Many potential World Dominators fail, not because their plans are imperfect, but rather because they rush their plans. There's always some junior sleuth who notices the pattern and puts the clues together, thus thwarting even the best-laid plans. The secret to evading these Nancy Drew wannabes is slow, gradual fruition of your clever designs.
The problem with this is that while you are more likely to avoid detection, you also fail to get noticed by all the minions you are trying to impress. Thus, the successful Domination of the World is a rather thankless job.
I've recently embarked on Phase II of my scheme of World Domination--the creation and training of a protege. My protege has already mastered Adorable Cuteness, but as we all know, that doesn't last forever, so she has already started on Cleverness as well. By the time these two skills have ceased to be effective on the populace at large, she will have developed Knowledge Application and Manipulation, and half the world will already be at her--ergo my--command... in theory.
Do you realise how much work and effort and sacrifice is required to successfully develop a protege? No, of course not. If you did, my job of World Domination wouldn't be so thankless. Believe you me, it's a lot of work. So much, that other plans have had to be laid aside.
Paying job? Forget it. Fancy toys? Scratch them too, unless your protege has already gotten to them, and has scratched them for you. Sleep? Don't even think about it.

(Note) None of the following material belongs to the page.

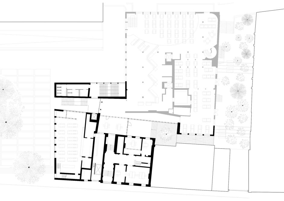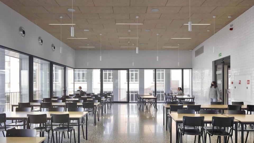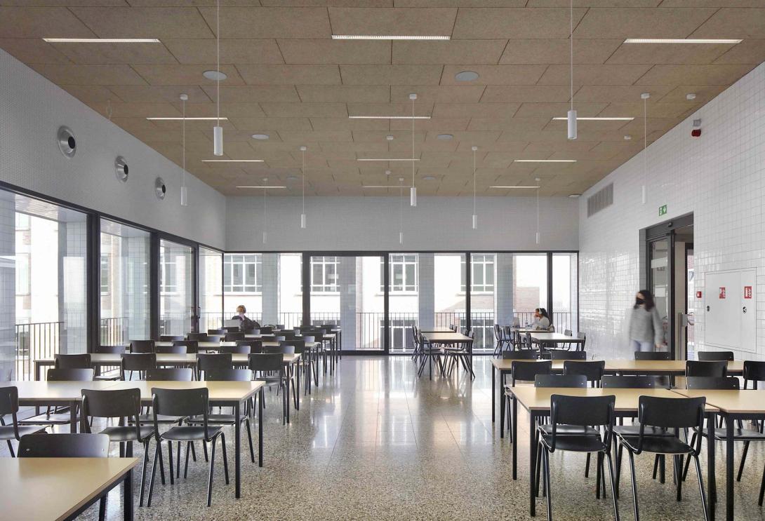 Ook de logistiek van bevoorrading werd hertekend: nieuwe goederenruimtes aan de voorkant moeten het studentenplein ontlasten, zodat dit plein echt als verblijfsruimte kan functioneren. Het resultaat is een interne organisatie die de dagelijkse capaciteit van het restaurant ondersteunt, met lange openings- en service-uren, maar tegelijk ruimte biedt voor informele studieplekken en ontmoeting.

As for money...
While being a corporate drone may seem like a mindless way of spending far too much of your time, it does have its bright point--namely, in the form of Spendable. (And other forms of occupation do, to a greater or lesser degree, offer financial compensation... except for the early stages of Phase II of World Domination.) I often miss the bank account figures from my days as Corporate Drone.
Being the far-sighted individual I am, I dread looking into the future, when my protege drains my already-meager finances even drier. And by then, she may have a couple of compatriots. (What? You'd thought I'd just stop with one? Silly minions! We all know there is strength in numbers.)
And yet I look even further into the distant future, when all my proteges have grown, and have proteges of their own, dozens of happy little proteges that I can spoil rotten and bend to my ways, then send them back home, where they'll tell their parents, "Grandma said we're going to take over the world!"
Only then, will someone truly appreciate all my thankless years of work towards World Domination.